Gelet op het voorgaande verzoekt de rechtbank de officier van justitie de volgende vragen door de uitvaardigende justitiële autoriteit te laten beantwoorden:
  • Is bij het arrest van 9 juli 2019 definitief uitspraak gedaan over de schuld van de opgeëiste persoon en aan hem een straf opgelegd, nadat de zaak in feite en in rechte ten gronde is behandeld?
  • Is de oproeping voor de zitting in hoger beroep ook betekend op het adres dat de opgeëiste persoon tijdens zijn verhoor op 27 september 2017 heeft opgegeven, te weten: ‘ [adres 2] ?

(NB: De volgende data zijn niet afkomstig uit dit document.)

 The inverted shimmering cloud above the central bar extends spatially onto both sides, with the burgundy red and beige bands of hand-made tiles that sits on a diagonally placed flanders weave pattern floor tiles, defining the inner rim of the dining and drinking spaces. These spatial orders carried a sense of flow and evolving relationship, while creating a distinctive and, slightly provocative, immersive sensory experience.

  • Was de advocaat van de opgeëiste persoon op de zitting in hoger beroep op 9 juli 2019 aanwezig? Zo ja, was de advocaat door de opgeëiste persoon gemachtigd namens hem de verdediging te voeren en heeft de advocaat dat laatste ook daadwerkelijk gedaan?

6.Beslissing

HEROPENTen
SCHORSThet onderzoek ter zitting tot een nader te bepalen zittingsdatum en -tijd om de officier van justitie in de gelegenheid te stellen de onder 5. geformuleerde vragen voor te leggen aan de uitvaardigende justitiële autoriteit.
BEPAALTdat de vordering zo mogelijk opnieuw op zitting moet worden gepland uiterlijk 14 dagen vóór 14 maart 2023, het einde van de verlengde beslistermijn.

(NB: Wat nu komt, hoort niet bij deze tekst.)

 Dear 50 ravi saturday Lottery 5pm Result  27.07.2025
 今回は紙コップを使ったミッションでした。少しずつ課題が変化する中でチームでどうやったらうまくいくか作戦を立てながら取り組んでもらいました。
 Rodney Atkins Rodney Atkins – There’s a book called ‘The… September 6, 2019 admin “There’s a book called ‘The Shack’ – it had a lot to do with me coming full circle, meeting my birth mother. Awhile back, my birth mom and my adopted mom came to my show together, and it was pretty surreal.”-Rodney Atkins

BEVEELTde oproeping van de opgeëiste persoon tegen een nader te bepalen datum en tijdstip, met tijdige kennisgeving daarvan aan zijn raadsman.

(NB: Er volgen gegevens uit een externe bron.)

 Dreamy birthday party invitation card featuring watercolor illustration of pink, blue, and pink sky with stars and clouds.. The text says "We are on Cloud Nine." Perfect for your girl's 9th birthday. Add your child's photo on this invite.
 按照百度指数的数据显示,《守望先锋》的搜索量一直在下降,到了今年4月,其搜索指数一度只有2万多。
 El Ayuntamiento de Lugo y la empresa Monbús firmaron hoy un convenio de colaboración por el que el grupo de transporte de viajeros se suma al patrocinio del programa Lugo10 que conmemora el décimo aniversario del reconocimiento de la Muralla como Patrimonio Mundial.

BEVEELTde oproeping van een tolk voor de Poolse taal tegen een nader te bepalen datum en tijdstip.
Aldus gedaan door
mr. M. Snijders Blok-Nijensteen, voorzitter,
mrs. A.J. Scheijde en L. Sanders, rechters,
in tegenwoordigheid van mr. R.R. Eijsten, griffier,
en uitgesproken ter openbare zitting van 9 februari 2023.
Ingevolge artikel 29, tweede lid, OLW staat tegen deze uitspraak geen gewoon rechtsmiddel open.

Voetnoten

1.Zie het arrest van het Hof van Justitie van de Europese Unie van 10 augustus 2017 in de zaak Tupikas, ECLI:EU:C:2017:628.